Instructions to follow: Exclude pictures and give again exactly the lines of the listing, beginning with its first line and ending with the one that contains "Jamnik wykonany na".

Study material:

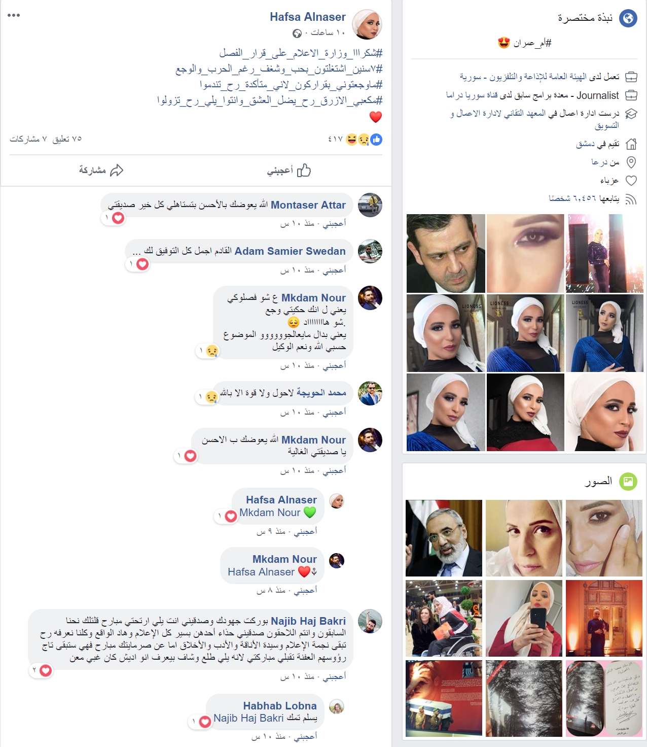 وبعد منتصف ليل الثلاثاء / الأربعاء، نشرت حفصة منشوراً جديداً أعلنت فيه أن وزارة الإعلام قامت بفصلها.
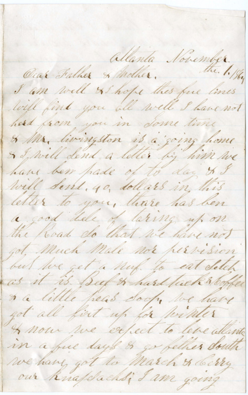 I am well & I hope thes fue lines will find you all well I have not herd from you in Some time & Mr. livingston is a going home & I will send a letter by him we have ben pade of to day & I will Send .40. dollars in this letter to you. thare has ben a good dele of taring up on the Road So that we have not got much male nor pervision but we get a nuf to eat Setch as it is. Beef & hard tack & Coffee & a little peas Soop. we have got all fixt up for winter & now we expect to leve atlanta in a fue days & go fether South we have got to March & Cerry our knapsacks. I am going to try it I think I Can march we do not no whare we are a going yet but it is Some whare nere the atlantic Oshion
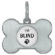 Balise simple en noir et blanc conçue pour les animaux aveugles. Il y a un texte "Je suis aveugle" au milieu et une petite silhouette empreinte de patte noire en dessous.
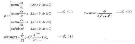 為了獲得系統(tǒng)基于重力向量的俯仰角θ和橫滾角φ,需要使用加速度計的三個輸出:Ax, Ay, Az.俯仰角和橫滾角可以通過以下公式(1)和公式(2)計算得到。對于微控制器,函數(shù)中的arctan(x)需要通過以下公式(3)的泰勒展開后才能計算得到。
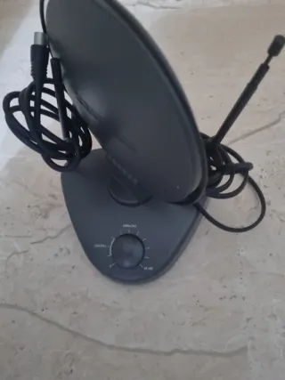 Antena para televisión con selector de modo digital y analógico. Su diseño circular y base le otorgan estabilidad. - Base estable. - Selector de modo. - Cable de conexión incluido.
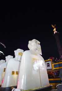 Poco antes de la 11:30 de la noche los gigantes blancos llegaron al Zócalo, cercado por una barda provisional y donde varios trabajadores terminaban de armar la plataforma de madera en torno al astabandera.
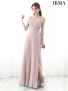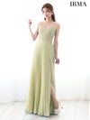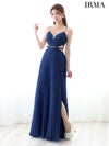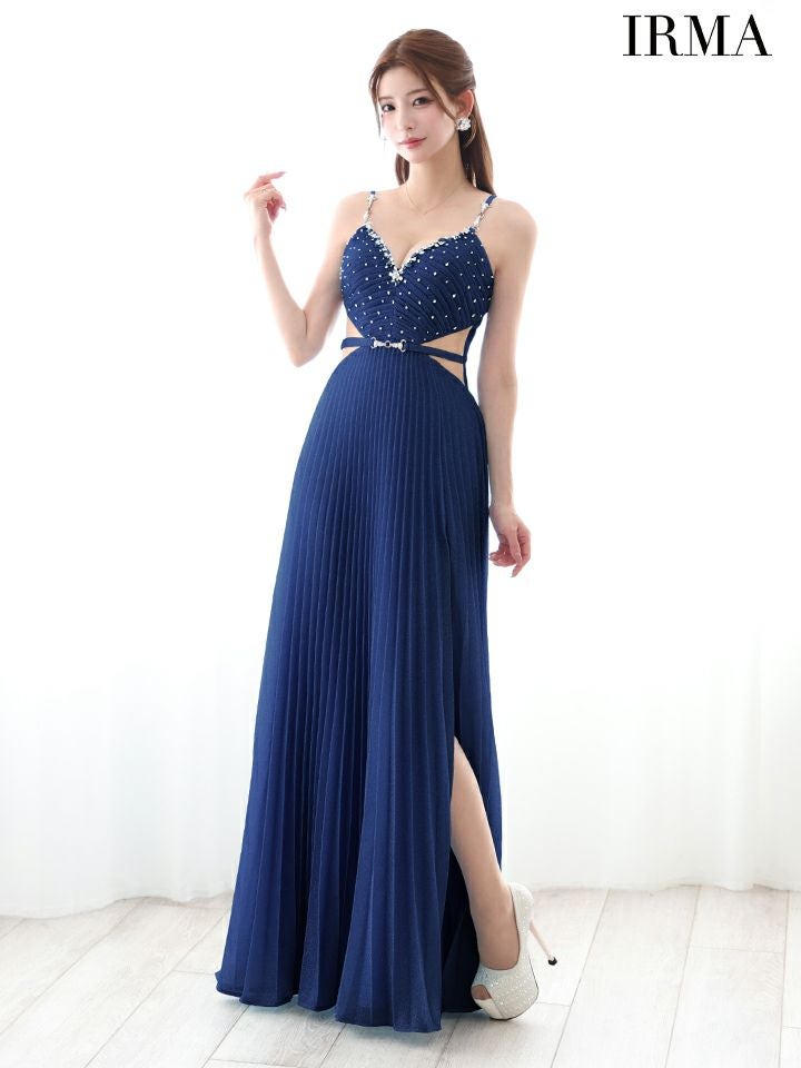 優雅な美シルエットを演出♡ [IRMA/イルマ] 高級 バースデー ビジューキャミソール 谷間魅せ ウエストベルト くびれ スリット プリーツ Aラインロングドレス
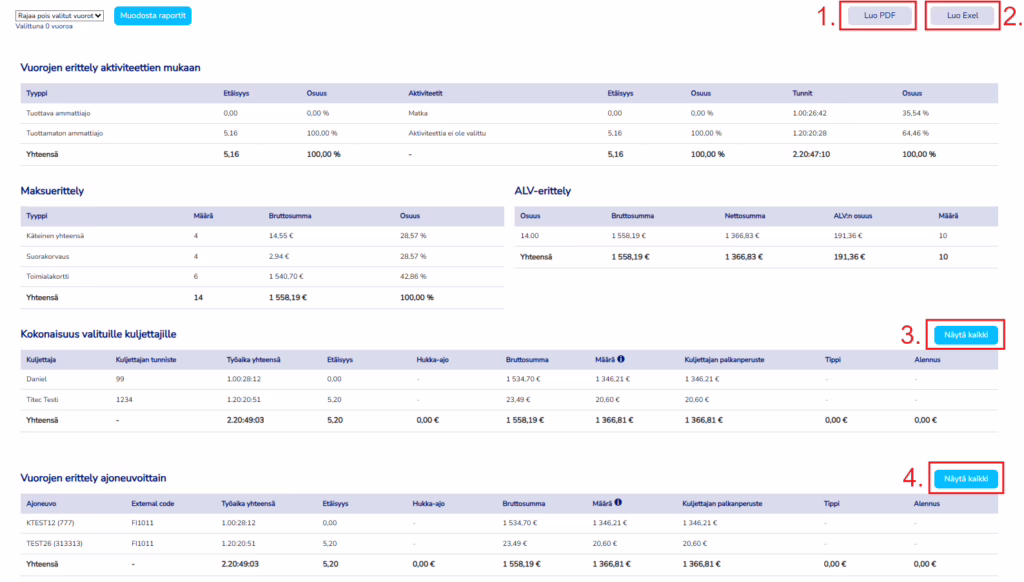 - Tästä näkymästä näet kaikista kuljettajista yhteenvedon, mikäli et ole rajannut valintaa vain tiettyyn kuljettajaan.
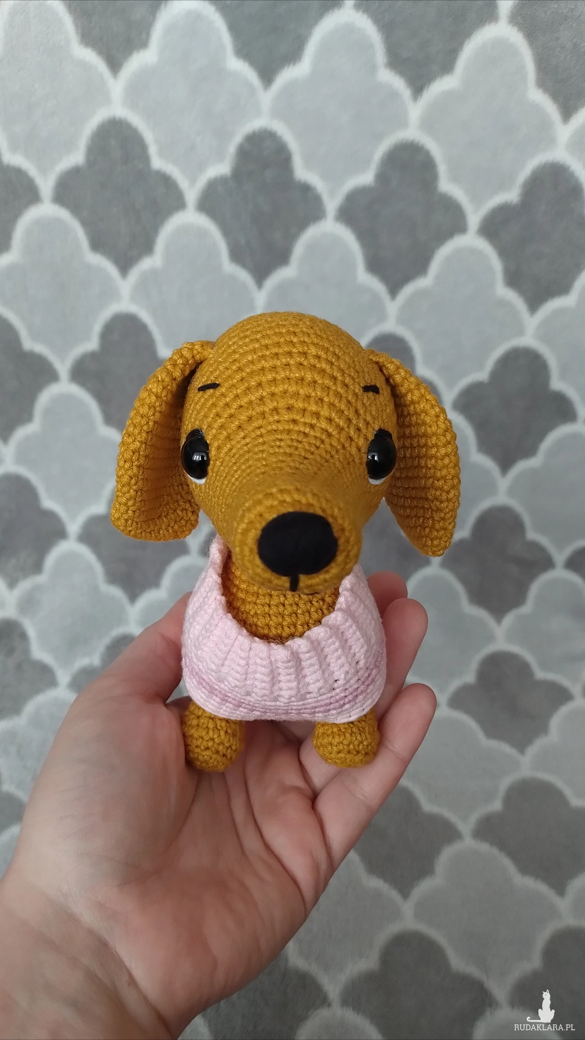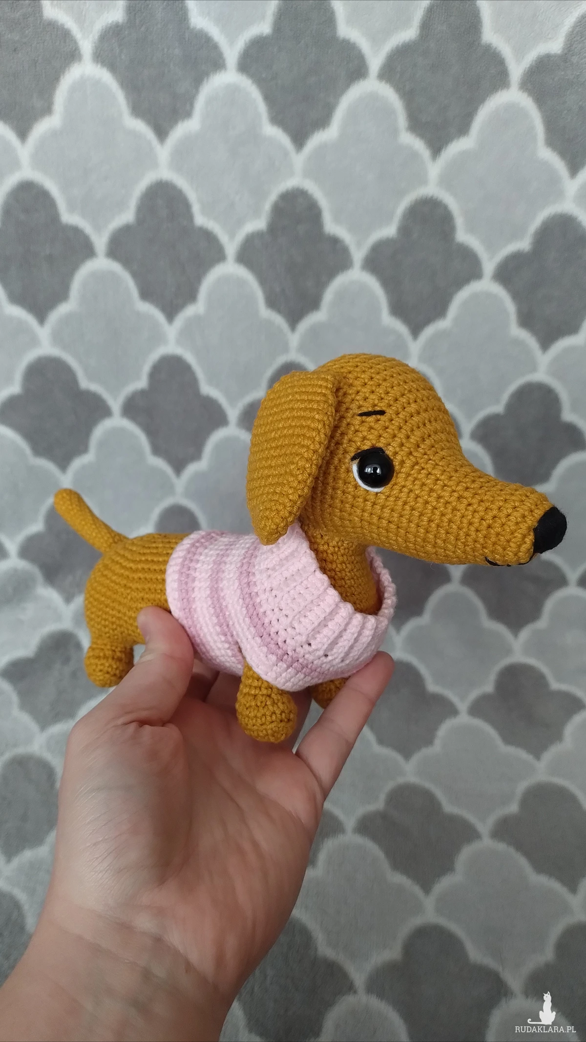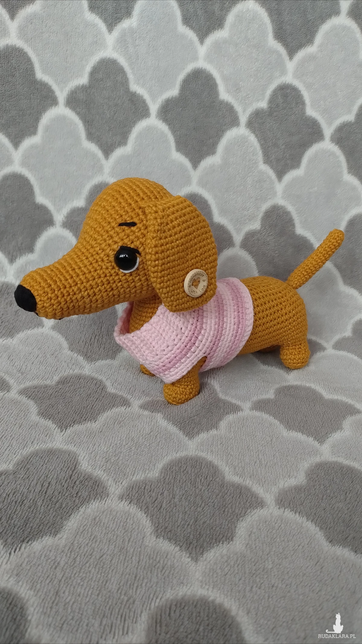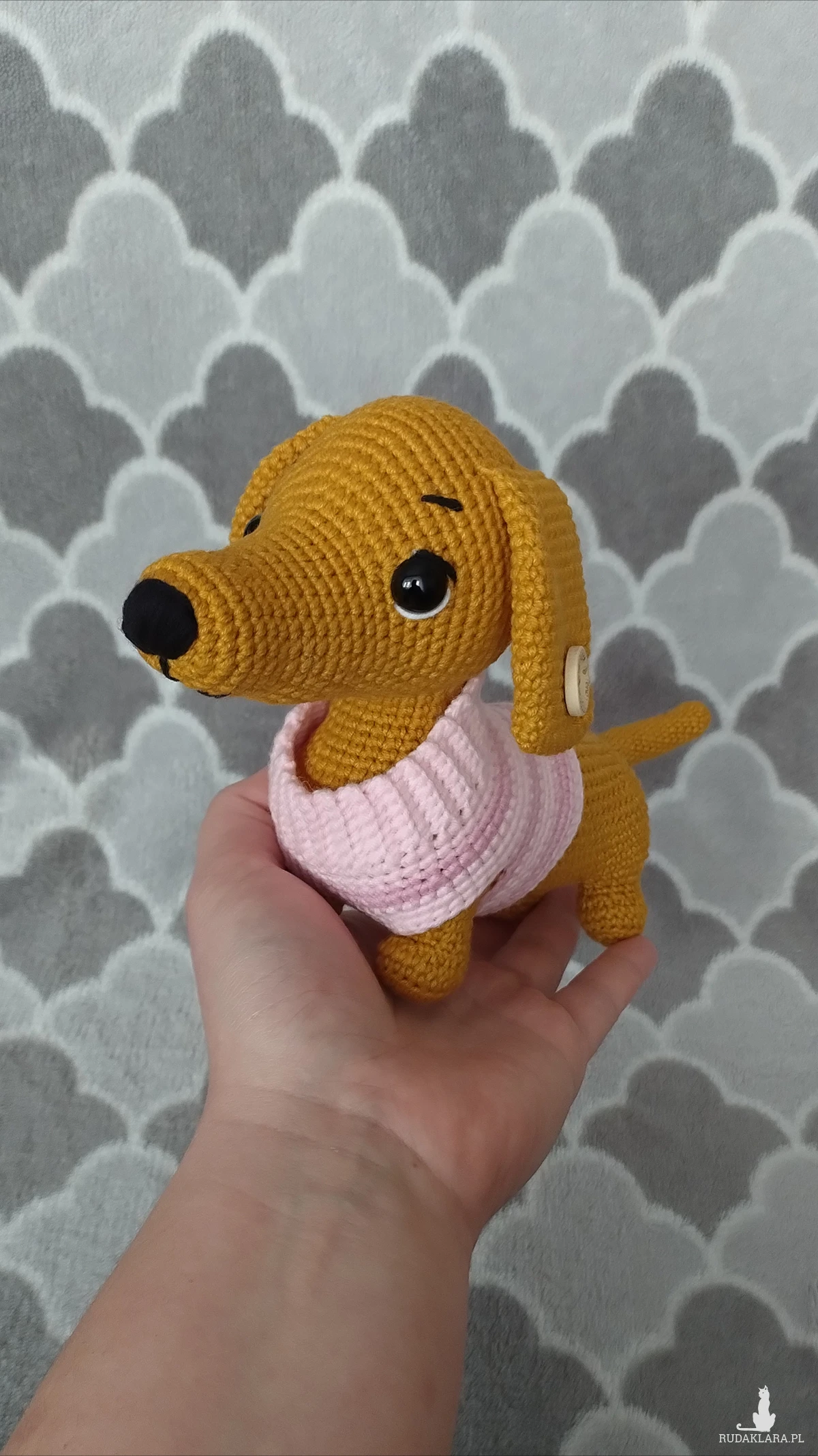 Jamnik wykonany na szydełku z włóczki Yarn Art Jeans. Wysokość około 14 cm, długość około 19 cm.
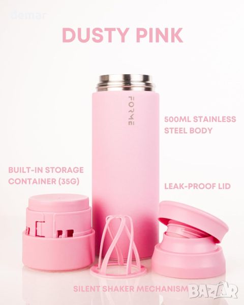Този шейкър може да се похвали с вградено хранилище, което може да побере до 35 g добавки, като се интегрира безпроблемно в основата му за удобство. Изработено от неръждаема стомана, тялото му от 500 ml поддържа температурата на течностите - студени до 12 часа и горещи до 8 часа. Той се отличава с безшумен дизайн, елиминиращ обикновения шум от топката за разбиване и е оборудван с непропусклив капак, за да осигури изживяване без бъркотия. Размерът на шейкъра е оптимизиран за лесно транспортиране, като се побира в джоб на раница, клетка за бутилка на велосипед или всяка стандартна поставка за чаша, а дизайнът му със заоблени ъгли опростява почистването, като предотвратява натрупването на остатъци.
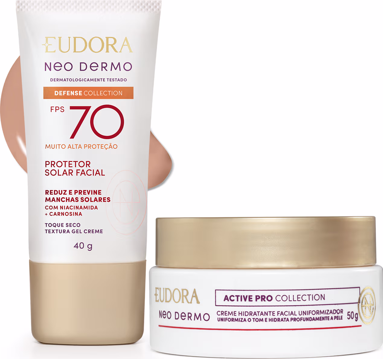 Dupla Neo Dermo: alta proteção FPS 70 com cor e uniformização intensiva para uma pele radiante e toque seco. Ver mais ❯
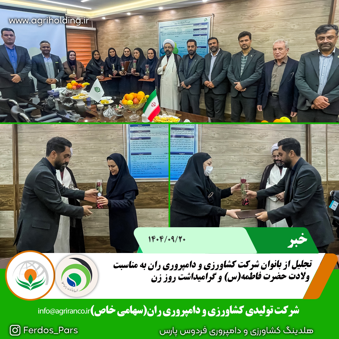 به مناسبت ولادت با سعادت حضرت فاطمه زهرا(س) و گرامیداشت روز زن، از بانوان محترم شرکت تقدیر و تشکر به عمل آمد. https://agriranco.ir #شرکت_کشاورزی_و_دامپروری_ران

Response area:
 وبعد منتصف ليل الثلاثاء / الأربعاء، نشرت حفصة منشوراً جديداً أعلنت فيه أن وزارة الإعلام قامت بفصلها.
 I am well & I hope thes fue lines will find you all well I have not herd from you in Some time & Mr. livingston is a going home & I will send a letter by him we have ben pade of to day & I will Send .40. dollars in this letter to you. thare has ben a good dele of taring up on the Road So that we have not got much male nor pervision but we get a nuf to eat Setch as it is. Beef & hard tack & Coffee & a little peas Soop. we have got all fixt up for winter & now we expect to leve atlanta in a fue days & go fether South we have got to March & Cerry our knapsacks. I am going to try it I think I Can march we do not no whare we are a going yet but it is Some whare nere the atlantic Oshion
 Balise simple en noir et blanc conçue pour les animaux aveugles. Il y a un texte "Je suis aveugle" au milieu et une petite silhouette empreinte de patte noire en dessous.
 為了獲得系統(tǒng)基于重力向量的俯仰角θ和橫滾角φ,需要使用加速度計的三個輸出:Ax, Ay, Az.俯仰角和橫滾角可以通過以下公式(1)和公式(2)計算得到。對于微控制器,函數(shù)中的arctan(x)需要通過以下公式(3)的泰勒展開后才能計算得到。
 Antena para televisión con selector de modo digital y analógico. Su diseño circular y base le otorgan estabilidad. - Base estable. - Selector de modo. - Cable de conexión incluido.
 Poco antes de la 11:30 de la noche los gigantes blancos llegaron al Zócalo, cercado por una barda provisional y donde varios trabajadores terminaban de armar la plataforma de madera en torno al astabandera.
 優雅な美シルエットを演出♡ [IRMA/イルマ] 高級 バースデー ビジューキャミソール 谷間魅せ ウエストベルト くびれ スリット プリーツ Aラインロングドレス
 - Tästä näkymästä näet kaikista kuljettajista yhteenvedon, mikäli et ole rajannut valintaa vain tiettyyn kuljettajaan.
 Jamnik wykonany na szydełku z włóczki Yarn Art Jeans. Wysokość około 14 cm, długość około 19 cm.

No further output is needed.